Memory pre dump
Currently when pre-dumping the memory from tasks CRIU drains all the memory into pipes and then pushes it into images. This takes TONS of pipes and pins the whole memory into RAM. The proposal is to fix it by using sys_read_process_vm() system call.
If you look at the
cr_pre_dump_tasks() function you will see that it
cr_pre_dump_one_task()in a loop for each of the collected processes
cr_pre_dump_finish()that unfreezes the tasks by calling
pstree_switch_state()and then calls
page_xfer_dump_pages()in a loop
This is where the problem sits. The first function (
cr_pre_dump_one_task() one) infects the task with parasite and drains all the memory from it. The
mem_dump_ctl.pre_dump being set to true makes the memory dumping code save all the pages in page-pipes associated with the task descriptor (the
pstree_item object). After that the
pre_dump_finish() walks the items and flushes the memory into images.
What we need to do is to tune both calls.
pre_dump_one_task shouldn't infect victims and drain pages from them. Instead, it should just stop the tasks and get the list of VMA-s from it. After it the
pre_dump_finish should unfreeze the tasks (as it does not) and then walk the VMAs provided and call the
sys_read_process_vm() for each entry met copying the pages contents into the images. Or to the page-server, but the page-xfer stuff handles it.
What's tricky in the latter part is that the
sys_read_process_vm will race with tasks fixing their VMAs, since they are unfrozen. So you'll need to carefully handle the potential partial reads or even errors and tune-up the images respectively.
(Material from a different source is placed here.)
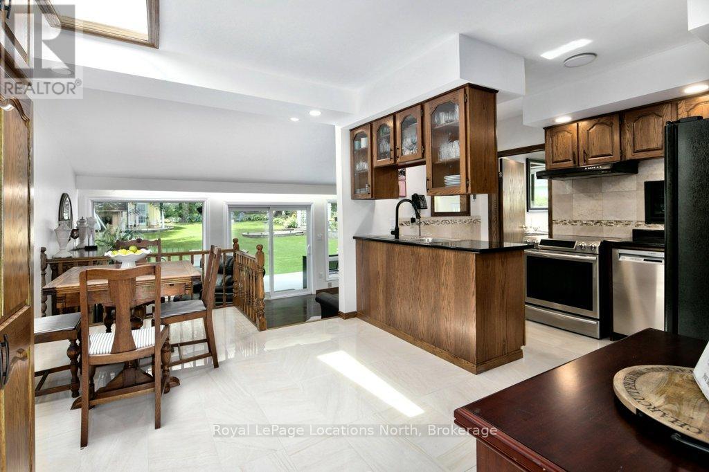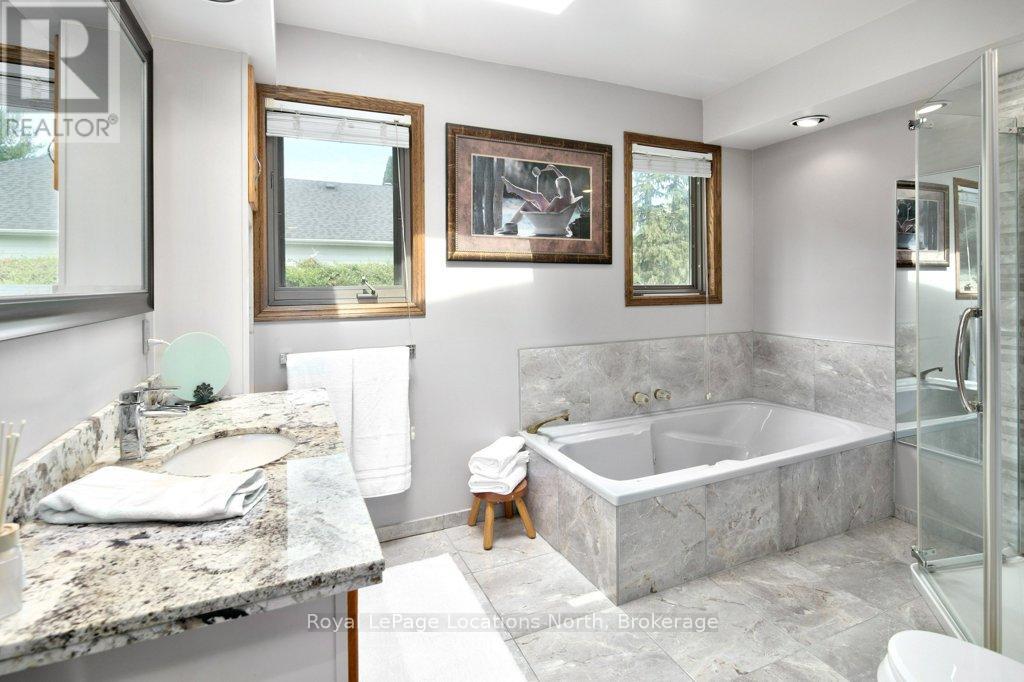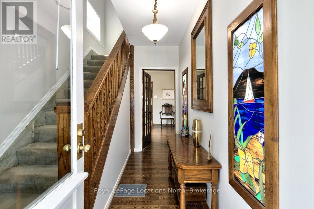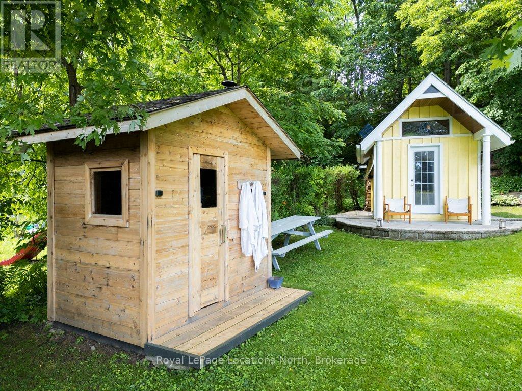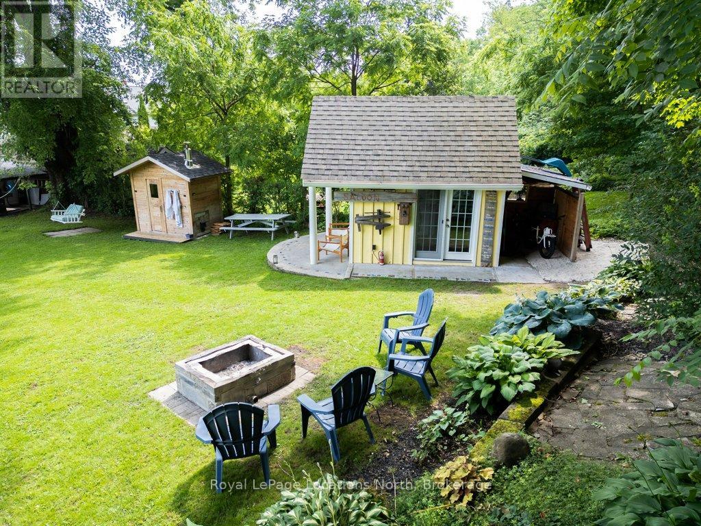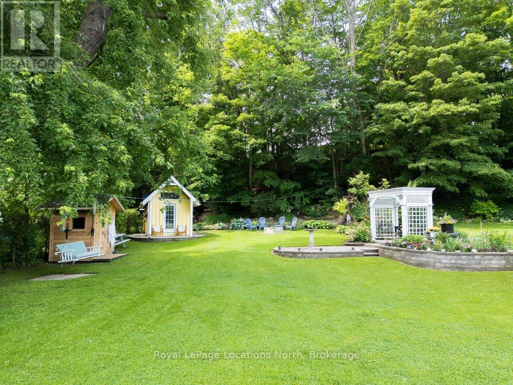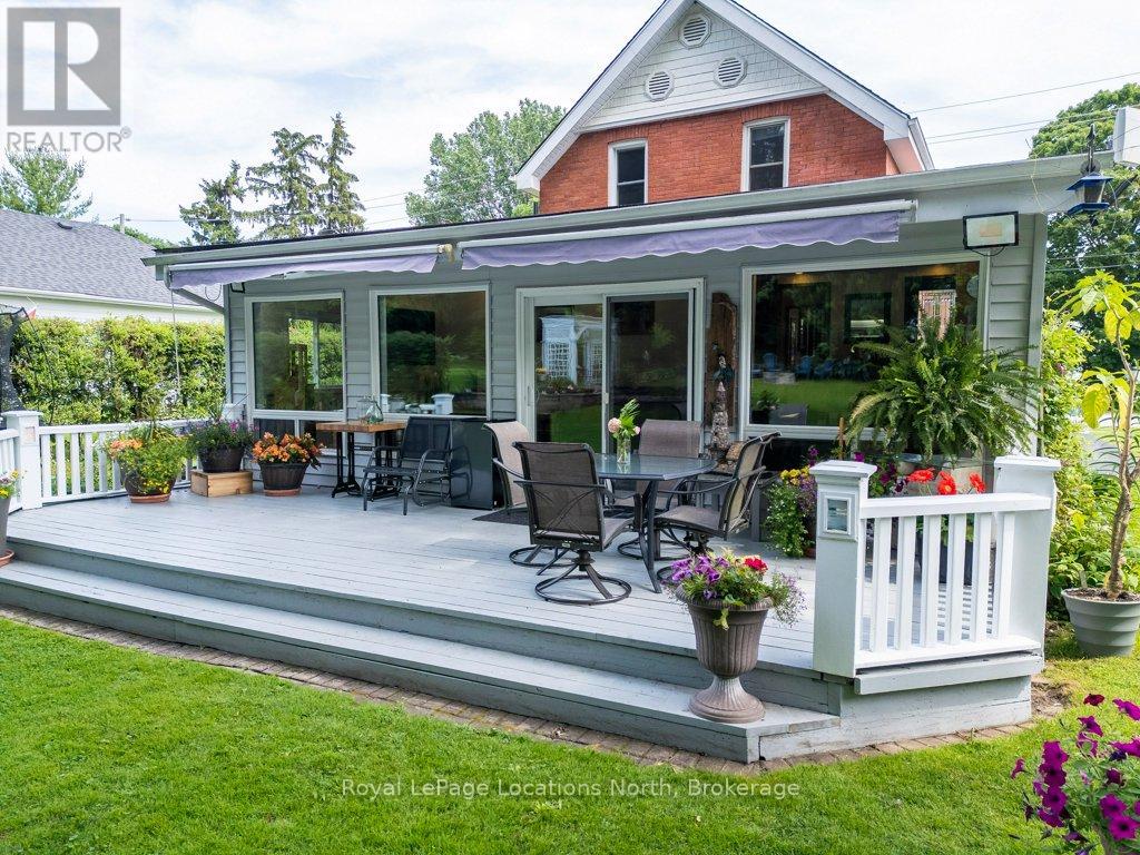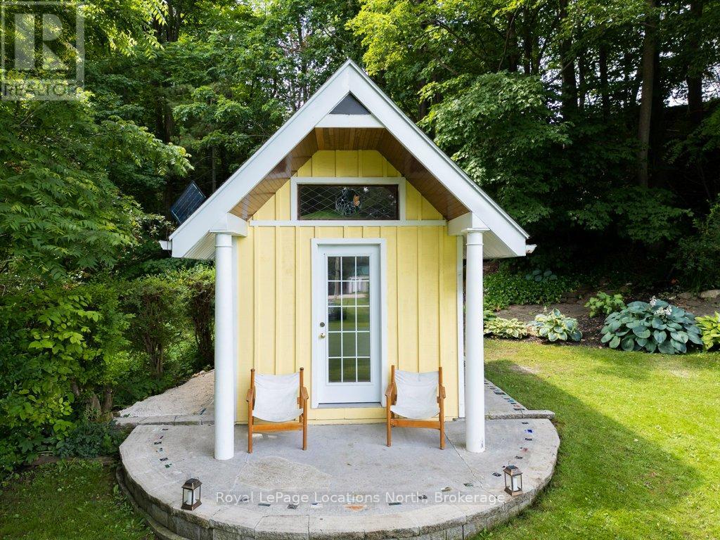 Welcome to 25 Edwin Street ---- a timeless century home brimming with charm and character, tucked away on a peaceful street in the heart of Meaford and backing onto serene natural surroundings. This detached 3-bedroom, 2-bath property spans roughly 1,500 sq. ft., offering warm and welcoming spaces inside and a backyard retreat that feels worlds away. Inside, you'll find a thoughtful mix of original character and modern comfort, including heated floors in the kitchen and main bath. The inviting family room overlooks the lush yard, where the treed backdrop creates an ever-changing view to enjoy year-round. Step outside and embrace a lifestyle designed for relaxation and gathering: unwind in your private sauna, host friends around the fire pit, entertain on the expansive deck, or slip away to the whimsical she-shed for quiet moments. The lower-level workshop adds practical space for hobbies, projects, or extra storage. Perfect for nature enthusiasts, creatives, or families, this home offers a versatile lifestyle in a setting that inspires. All of this, just minutes from Meafords downtown shops, schools, waterfront, and scenic trails the perfect blend of small-town living and room to recharge.

Another headache is about read-protected memory areas. You will need to check whether the
sys_read_process_vm allows root user (criu runs as root) still read those, and, if no, handle them too by skipping them. Now the pre-dump read-unprotects the pages, then grabs them, then read-protects back, but that's not the option for the new algo.
The mentioned system call copies the memory, so we can do better. If we could have a
sys_splice_process_vm system call, that behaves like regular
splice one, but works on other task's memory, we could replace memory copying with memory vm-splicing and further splicing it into the image or page server socket file descriptor.